How hospitals can create 'Safe Spaces' with this free diversity training program

In the wake of George Floyd's death in May of 2020, Deanna Stewart, DNP, RN, was one of the countless people who felt helpless after watching the video of his murder. 

Disheartened and incredulous, Dr. Stewart turned to the employee assistance program offered by her employer at the time. She found out there were no programs for Black employees who wanted to discuss their feelings about, and experiences with, racism.

So she started her own. Through her nonprofit MyALLy, she founded Safe Space, a diversity training program for employees of healthcare systems and hospitals provided free of charge

MyALLy, spelled this way because Dr. Stewart hopes "all" people will be allies, offers three programs for hospitals: racial trauma recovery sessions, allyship and anti-racism training, and microaggressions and implicit bias training. She is able to provide these Safe Space sessions at no cost because the organization accepts donations and pursues grants that are available to Black nonprofits to help people manage their feelings about racial tensions.

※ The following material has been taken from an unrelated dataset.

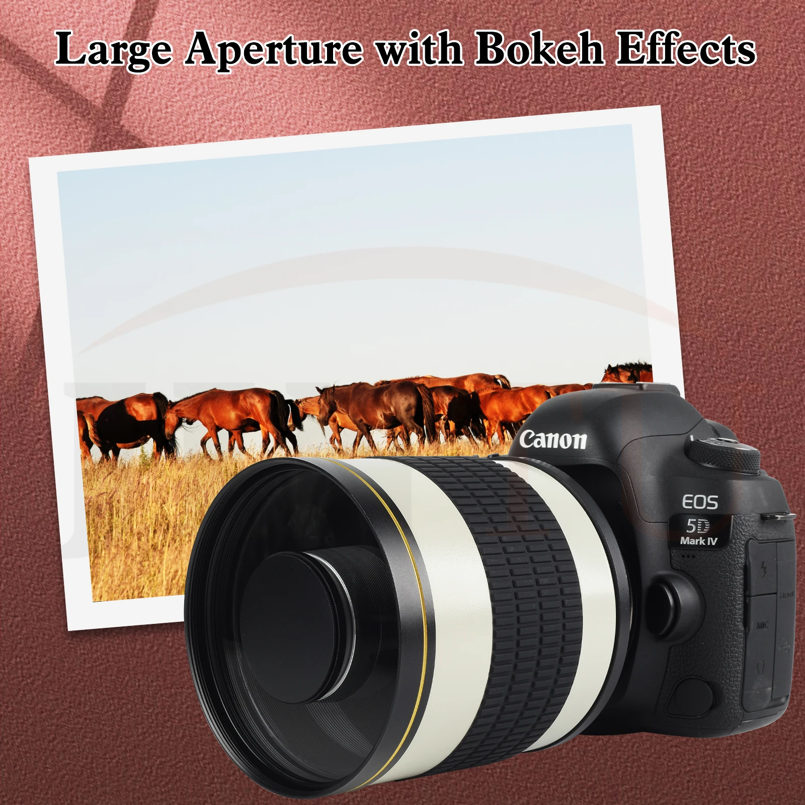 ЭтоJintu500 мм ручной ультра-телефото, зеркальный объектив с многослойным покрытием-это совершенно новый объектив. Невероятно компактный и легкий, этот объективИдеально подходит для занятий спортом и фотосъемки дикой природы. Он имеет фиксированную диафрагму f/6,3, которая быстрее, чем большинство других объективов 500 мм. Этот объектив крепится к вашей камере с помощьюВ комплекте Т-образный адаптерИ работает с камерами с автофокусом вРучной режим.

MyALLy’s diversity, equity and inclusion courses are typically offered to hospitals annually or every six months. Classes are weekly during each session, at various times daily to enable hospital employees who work on all shifts to participate.

Dr. Stewart said she will provide any hospital that wants it with an "Organizational Cultural Assessment," which requires hospital employees to participate in an anonymous survey that assesses views of the workplace's culture. Then, if necessary, she works with hospital leaders to "create a greater sense of belonging" through the free diversity classes.

"Hospital leaders need to understand that employees often experience racial stressors, stereotypes, microaggressions and a lack of equity and inclusion," Dr. Stewart said. "If your employees are quiet and appear 'okay,' that could be a sign of them giving up hope for improvement."

The Racial Trauma Recovery sessions allow employees of color to unite in a psychologically safe and virtual environment to vent, share experiences, learn coping and wellness strategies, and develop individualized racism recovery plans. Dr. Stewart said this particular course is led by a Black facilitator for employees of color and "is designed to create bonds in a non-threatening environment while promoting healing from racial trauma."

The allyship and anti-racism training, open to all employees, focuses on "what it means to be an ally in a biased world," she said, noting the classes help employees learn how to "practice allyship and use their privilege for power to help others."

In these sessions, participants can learn what it takes to become influential allies in their hospital system. Concepts addressed include systemic racism, privilege, racism, unconscious bias, and prejudiced attitudes and beliefs. 

The microaggressions and implicit bias training focuses on "unconscious attitudes and stereotypes that manifest in organizations." Dr. Stewart said microaggressions and implicit bias lead to "ill feelings and negative demeanors about others based on race, ethnicity, age, appearance and more." The class is designed to promote strategies to create a safe and comfortable workplace and community setting for everyone.